5/28/12

Attachment Parenting

I guess I have to read Elisabeth Badinter's book The Conflict: How Modern Motherhood Undermines the Status of Women, but I think it's going to be supremely irritating, judging by this review and Katha Pollitt's column, both in The Nation.  The bad guy du jour is "attachment parenting," which says good mothers/parents need to be in super-contact with their children, wearing them in slings, breastfeeding them as long as possible, sleeping with them in a "family bed"--none of which is compatible with maintaining a full-time job. This kind of motherhood "undermines the status of women" so ... baaaaaad.

Except it's really much more complicated.  This paragraph from Pollitt's column gets things all wrong--
I was originally going to write this column as an attack on women who have fallen for the attachment-parenting spiel, which makes them feel endlessly guilty and then encourages them to project that guilt outward onto more relaxed mothers. Women are so eager to blame themselves and one another about, well, everything—weight, looks, clothes, sexual behavior (you haven’t lived till you’ve heard a seventh-grade girl refer to another as a “ho”), marriages and, of course, baybeez, every wrinkle of whose behavior is directly attributable to their mothers’ having made some small but fatal mistake.
Despite the disclaimer, this is an attack on mothers who attachment-parent.  Has Pollitt ever met any?  I have, because I sort of liked that kind of thing when my kids were young and so did many of my friends. Pollitt imagines women go into parenthood with no thoughts and feelings of their own and then get suckered into attachment-parenting--there's the spiel, and then the guilt, and then the work-family conflict, and then the attached mom starts laying guilt on other mothers. But no, the sequence of events is rather this--

You have a kid (or two, in my case).  Your every instinct is not to let the vulnerable little people out of your sight.  You love the closeness of breastfeeding. You sometimes bring crying babies into bed in the middle of the night--it just feels right.  The idea of leaving them in the care of someone else all day is distressing.  You do everything else in your life "full-tilt" and want to parent that way too.
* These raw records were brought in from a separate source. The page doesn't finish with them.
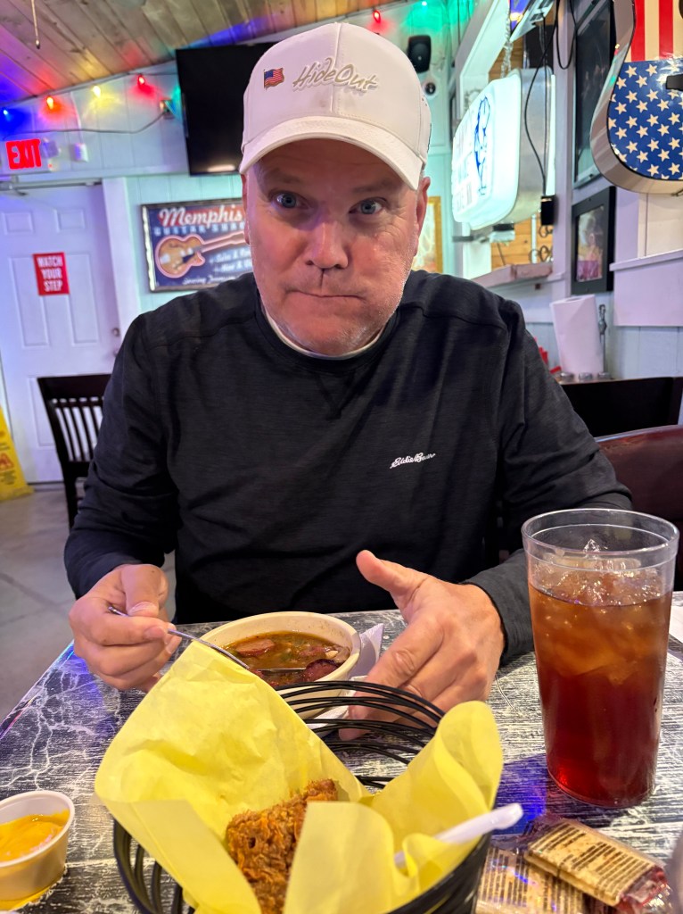 Regardless, Dave took me to the Bayou Cafe for a Boudin ball and a cup of delicious gumbo. OMG, it was sooooo good. But then it hit my stomach and didn’t want to be there! I don’t know if it was too rich or if a spice didn’t agree, but I won’t let it ruin the place for me. Could have been a one-time thing.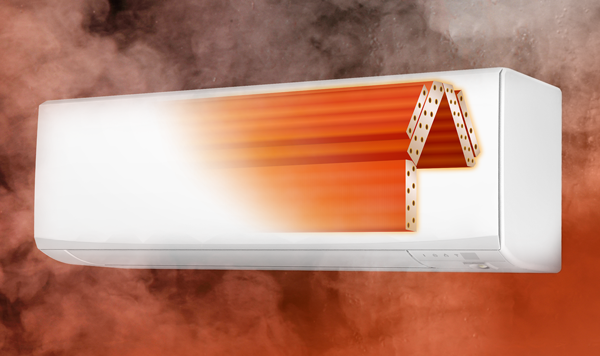 Heats the heat exchanger (aluminum fins) inside the air conditioner to over 55°C along with any accumulated water to quickly and effectively clean it. It is also effective against mold that has adhered to the unit.*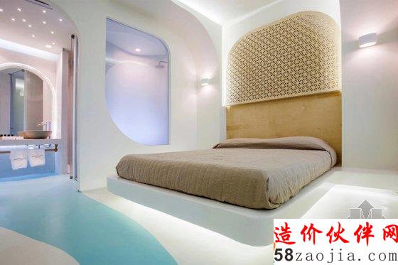 床下面安装了灯光,酒店内的床好像是漂浮在那里一样。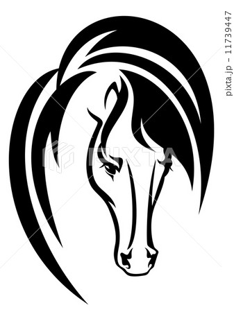 優しい目をした美しい白馬の顔のイラスト 墨絵風でお洒落な午年の年賀状素材 ベクター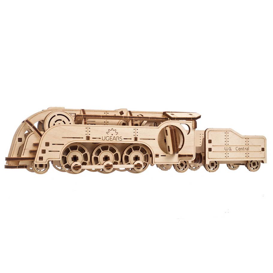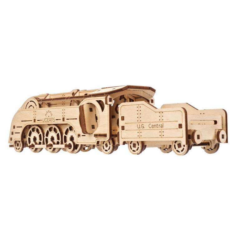 Die Mini-Eisenbahn von Ugears verfügt über einen Aufziehschlüssel, einen Start-/Stopp-Schalter zur einfacheren Handhabung sowie drei Radsätze mit Kuppelstangen, um den Zug auf ebenen Flächen schnell davonsausen zu lassen. An die Lokomotive ist ein offener Kohletender angekoppelt, in dem Sie Ihr Lieblingsspielzeug, etwas zum Knabbern oder einen kleinen Brief an einen netten Menschen quer durch den Raum auf die Reise schicken können!
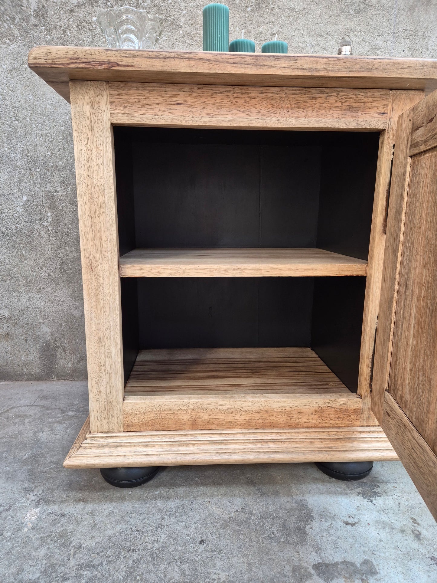 Relooké avec soins. Poncé, traité et entièrement vernis. Pieds et intérieur peint en noir mat.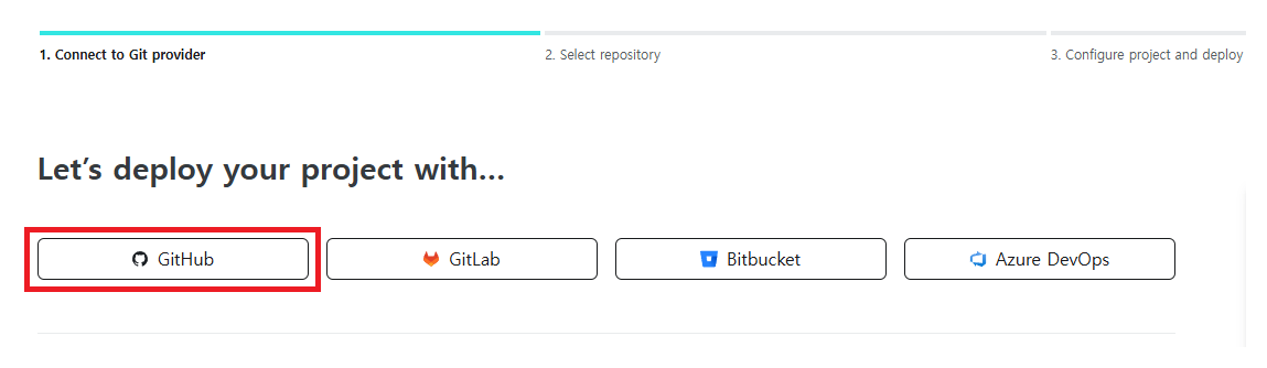 여기서는 Github를 선택합니다. 만약 다른 서비스에 저장소가 있다면 해당 서비스를 선택합니다.

Yet lots of advice books tell you that your impulses are wrong.  There's the feminist idea that you must return to full-time work right away.  Work is always respectable, no matter what it consists of -- just because you're paid, I suppose.  There are lots of books that promote an authoritarian style of parenting that says you shouldn't respond to your baby at night.  There's the onslaught of media images that say breasts are for sex, not for feeding baby.  Then you discover "attachment parenting"--and suddenly what you wanted to do anyway becomes OK.  You learn that it's not unheard of for women to want to stay close with their kids--there are lots of cultures in which this is standard fare.  William Sears's books are a bit over the top, and I wouldn't dream of following his advice to a T (or anyone else's, for that matter), but the message in them is welcome--for many women it's the message that their own intuitions are OK.  Far from increasing guilt, the books alleviate guilt--in the woman whose instincts mesh with that parenting-style. 
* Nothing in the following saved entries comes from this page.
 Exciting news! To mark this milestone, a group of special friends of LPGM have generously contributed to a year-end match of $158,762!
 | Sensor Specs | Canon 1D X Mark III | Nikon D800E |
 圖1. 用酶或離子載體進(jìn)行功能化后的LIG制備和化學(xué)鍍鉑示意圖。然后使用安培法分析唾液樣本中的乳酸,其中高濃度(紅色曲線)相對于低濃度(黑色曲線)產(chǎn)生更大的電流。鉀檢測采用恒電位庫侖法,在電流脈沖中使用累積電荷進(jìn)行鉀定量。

So I don't buy this idea that attachment-style parenting is inflicted on women, and can just be discarded, to overcome the work-family conflict that's a problem for many women. Attachment-style parenting (at least in its essentials) runs deep, and many women choose it for themselves.  Those that don't care for it have dozens, if not hundreds, of other child-care books to choose from.  There's plenty of validation out there for people who want to parent in a different style, or who want to return to work and personal freedom as quickly as possible.

The question to my mind is how women can spend part of their lives in a family focused way, and yet fully "recover" (so to speak)--returning to careers, preserving financial viability, and so on.  It would help if there were on-site daycare, so you can both work and be close to baby--for someone people, that would be enough.  It would help if there were part-time opportunities for both men and women.  Some people hate the idea of a stranger taking care of their child all day, but are happy with the thought of another parent being in charge.  But for those who really want to spend 5 or 10 years with parenting as their primary focus, why must that be the death of career and financial stability?  In any event, it just won't do to pretend that super-attached parenting is a nefarious plot, and not just what some women genuinely want.


3 comments:

Deepak Shetty said...

The question to my mind is how women can spend part of their lives in a family focused way, and yet fully "recover" (so to speak)--returning to careers, preserving financial viability, and so on.
If you ever have an answer to this which is other than - "wing it" , let us know :)

theogeo said...

Thank you for this post.

Anonymous said...

Since when is it a "feminist" idea that one "must return to work right away" after having a baby? No feminist I know actually thinks that. Indeed, they're the ones saying that women AND men should have choices about how to parent, and that we should offer family leave policies consistent with the rest of the developed world that make possible such choices.